January 7, 2009

A Cup Of Joe Before The Inauguration

There's nothing like having a talented, experienced, significant member of your team who has your back when you're under fire. That's a great feeling of support and a powerful show of strength, one that you can use to your advantage to prevail against adversity. Too bad for Barack Obama that he isn't getting that from Vice President-Elect Joe Biden.

Biden, in a frankly unsurprising and presaged show of his contrarian and arrogant personality, showed up to be sworn in as a United States Senator for his seventh term and began to use his fiffteen days in Congress to start building up legislative support for his President's honeymoon legislative proposals.*

Which, as it turns out, consists of calling Obama's choice of Leon Panetta to head the CIA "a mistake," declared September's financial markets collapse the equivalent of the 9/11 terrorist attacks and declared the nation "at war" as a result, and revealing that he's about to take a state trip to Iraq, Afghanistan, and Pakistan (this information was still under wraps for security reasons). Wow. Talk about being on board with the big guy's plans. Obama had to know that he'd wind up butting heads with his former colleagues in Congress at some point.
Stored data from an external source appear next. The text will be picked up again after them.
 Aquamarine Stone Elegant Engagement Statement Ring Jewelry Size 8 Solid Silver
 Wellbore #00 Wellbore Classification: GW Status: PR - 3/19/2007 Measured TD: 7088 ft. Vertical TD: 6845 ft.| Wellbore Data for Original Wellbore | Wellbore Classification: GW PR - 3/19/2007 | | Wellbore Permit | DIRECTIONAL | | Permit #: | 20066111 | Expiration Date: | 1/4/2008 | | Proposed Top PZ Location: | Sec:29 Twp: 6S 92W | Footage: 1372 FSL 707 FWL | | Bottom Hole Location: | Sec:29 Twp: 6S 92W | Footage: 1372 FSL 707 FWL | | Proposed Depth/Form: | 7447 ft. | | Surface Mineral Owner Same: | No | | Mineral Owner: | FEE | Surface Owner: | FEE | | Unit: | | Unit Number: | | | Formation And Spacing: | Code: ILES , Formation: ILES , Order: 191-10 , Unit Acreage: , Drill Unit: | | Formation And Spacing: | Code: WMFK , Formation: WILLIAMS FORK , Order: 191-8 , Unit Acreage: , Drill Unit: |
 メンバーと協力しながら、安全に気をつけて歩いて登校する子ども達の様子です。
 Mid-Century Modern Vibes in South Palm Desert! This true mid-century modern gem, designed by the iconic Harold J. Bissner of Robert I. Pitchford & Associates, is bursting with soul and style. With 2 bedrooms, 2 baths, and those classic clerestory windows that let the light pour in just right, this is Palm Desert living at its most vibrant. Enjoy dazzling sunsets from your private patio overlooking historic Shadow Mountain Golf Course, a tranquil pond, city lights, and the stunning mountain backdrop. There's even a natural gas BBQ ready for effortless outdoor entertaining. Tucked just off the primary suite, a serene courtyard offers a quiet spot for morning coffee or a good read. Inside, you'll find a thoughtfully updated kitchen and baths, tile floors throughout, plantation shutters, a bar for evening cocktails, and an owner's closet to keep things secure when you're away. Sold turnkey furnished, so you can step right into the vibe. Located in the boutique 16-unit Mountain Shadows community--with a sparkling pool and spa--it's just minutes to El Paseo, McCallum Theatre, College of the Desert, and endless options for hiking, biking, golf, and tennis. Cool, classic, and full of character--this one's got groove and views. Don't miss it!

He just didn't expect one of the first salvos to come from his running mate.

Well, he does have a much higher IQ than you, so you really ought to listen carefully to what this very smart man has to say. After all, he understands the grave threat that high fructose corn syrup represents to the average American.
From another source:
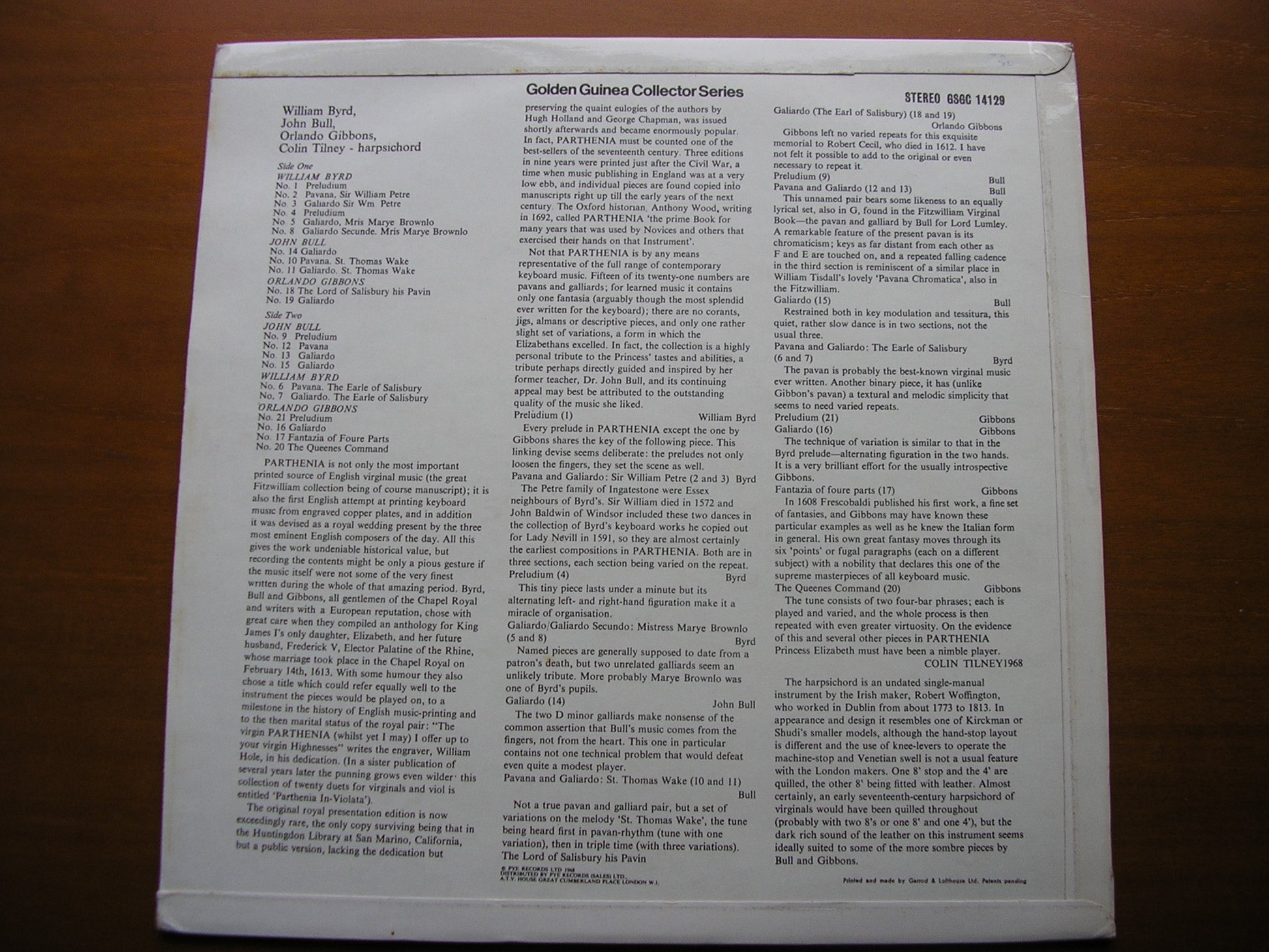 PARTHENIA: Harpsichord works by BYRD / GIBBONS / BULL COLIN TILNEY GSGC 14129
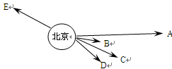 2、单选题 图为俄美朝韩日五国首都与北京相对方位及距离示意图。

Some people who follow politics worry that there's not enough news to follow at a point like this. You've gotta write about something and for the most part, Cabinet picks are not that interesting subjects. But Joe Biden is the new administration's gift to them.
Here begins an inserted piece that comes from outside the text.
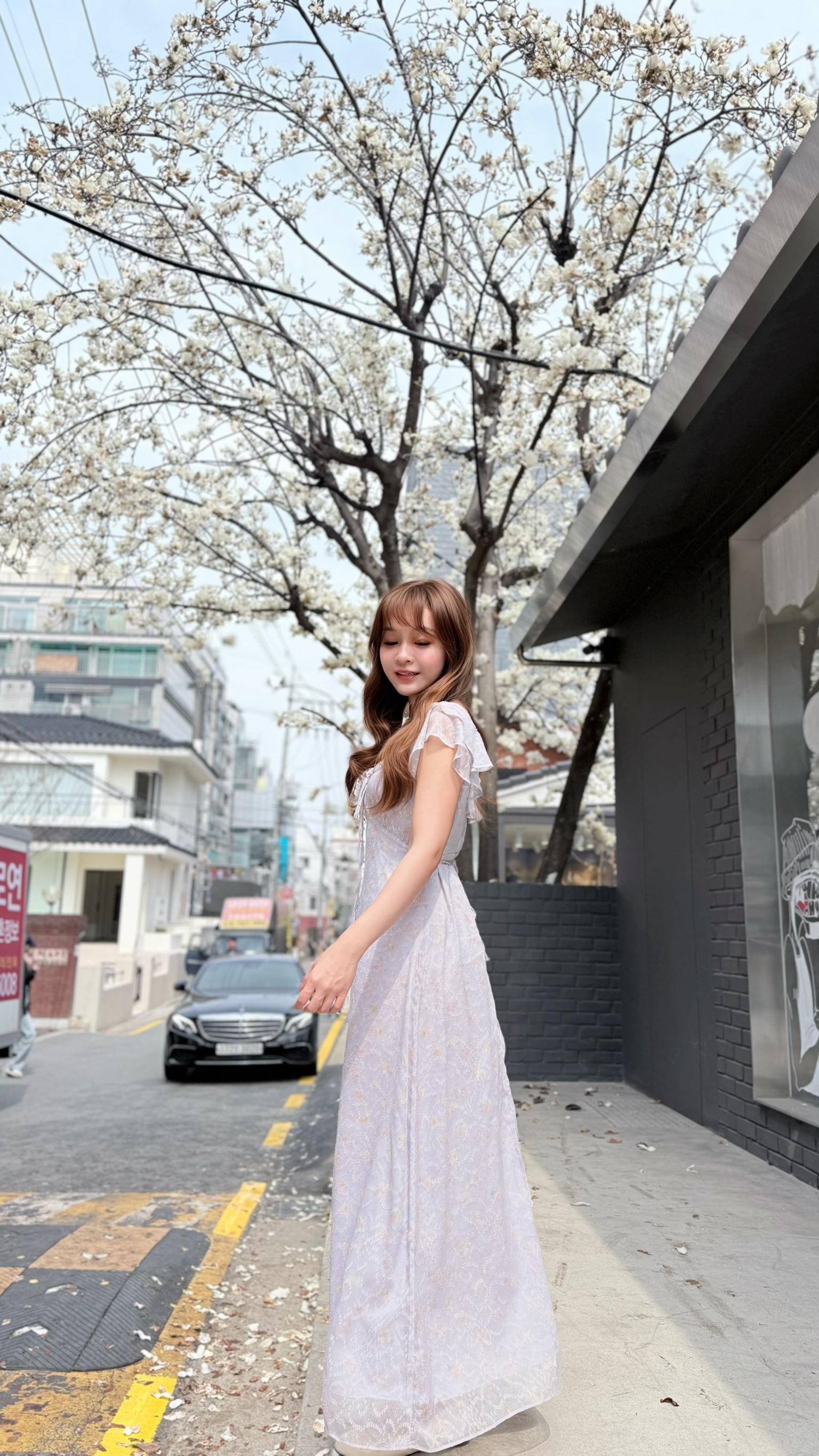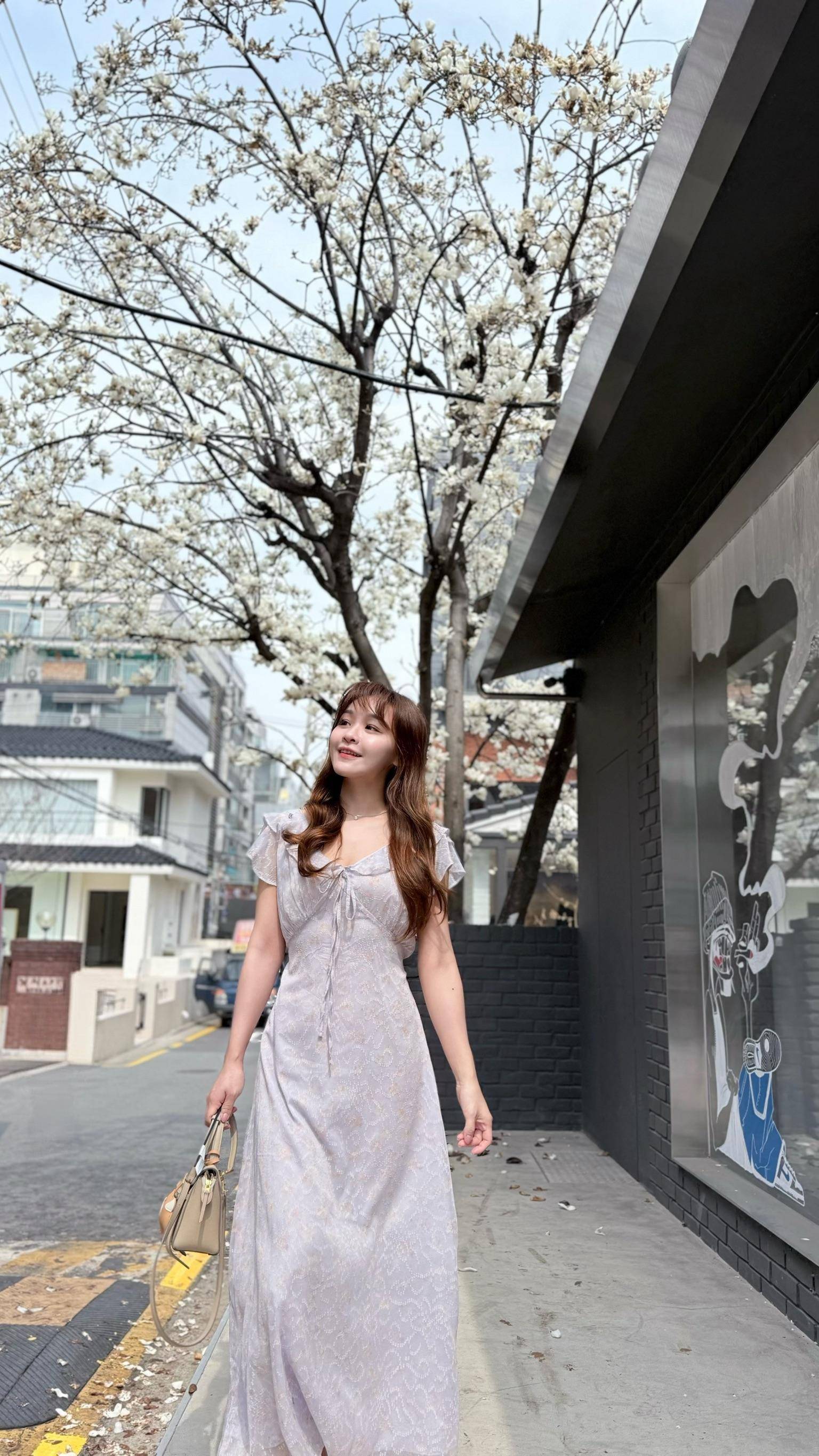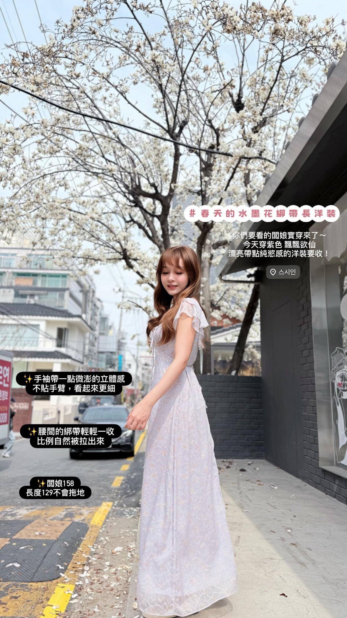 🇰🇷Spring Seoul|春天的水墨花綁帶長洋裝

* The Constitution provides that the new Congress is sworn in on January 3, which this year fell on a Saturday, so the new Congress took office on the next business day, which was Monday the 5th. But the Constitution also provides that the new President is sworn in on January 20. So there's a little bit more than two weeks' time between the new Congress convening and the new President taking office. In addition to winning election as Vice President, Biden also won his bid for re-election as Delaware's senior Senator because a Delaware law allows a candidate to run for a national office simultaneous to running for statewide office. So, Biden was re-elected Senator and elected Vice President; he gets to be Delaware's Senator until he takes his oath of office as the Vice President.